Should you prefer to work back and forth instead of in the round, you may of course adjust the pattern so you work the pieces separately and then assemble them at the end. Divide the stitches for the body in 2, add 1 edge stitch in each side (for sewing) and work the front and back pieces separately.

See DROPS lesson: Can I adapt a pattern for circular needles into straight needles?

Pattern repeats can vary slightly in the different sizes, in order to get the correct proportions. If you’re not working the exact same size as the garment in the photo, yours might deviate slightly. This has been carefully developed and adjusted so that the complete impression of the garment is the same in all sizes.

Make sure to follow instructions and diagrams for your size!

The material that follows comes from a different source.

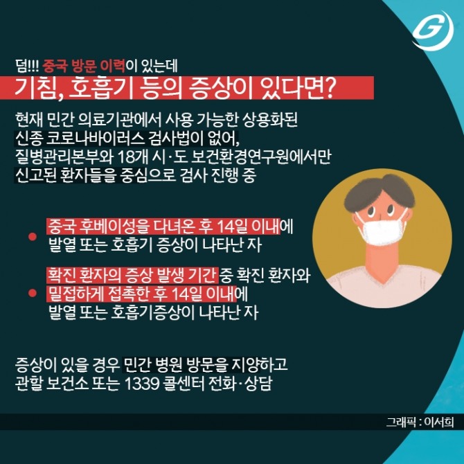 덤! 중국 방문 이력이 있는데 기침, 호흡기 등의 증상이 있다면?

If you have found a pattern you like which is available in women’s size it’s not very difficult to convert it to men’s size. The biggest difference will be the length of sleeves and body. Start working on the women size that you think would fit across the chest. The additional length will be worked right before you cast off for the armhole/sleeve cap. If the pattern is worked top-down you can add the length right after the armhole or before the first decrease on sleeve.

Regarding additional yarn amount, this will depend on how much length you add, but it is better with a skein too many than too few.

All yarns will have excess fibres (from production) that might come off as lint or shedding. Brushed yarns (ie hairier yarns) have more of these loose, excess fibres, causing more shedding.

Shedding also depends on what is worn under or over the garment, and whether this pulls at the yarn fibres. It’s therefore not possible to guarantee that there will be no shedding

Below are some tips on how to get the best result when working with hairier yarns:

1. When the garment is finished (before you wash it) shake it vigorously so the looser hairs come off. NOTE: do NOT use a lint roller, brush or any method that pulls at the yarn.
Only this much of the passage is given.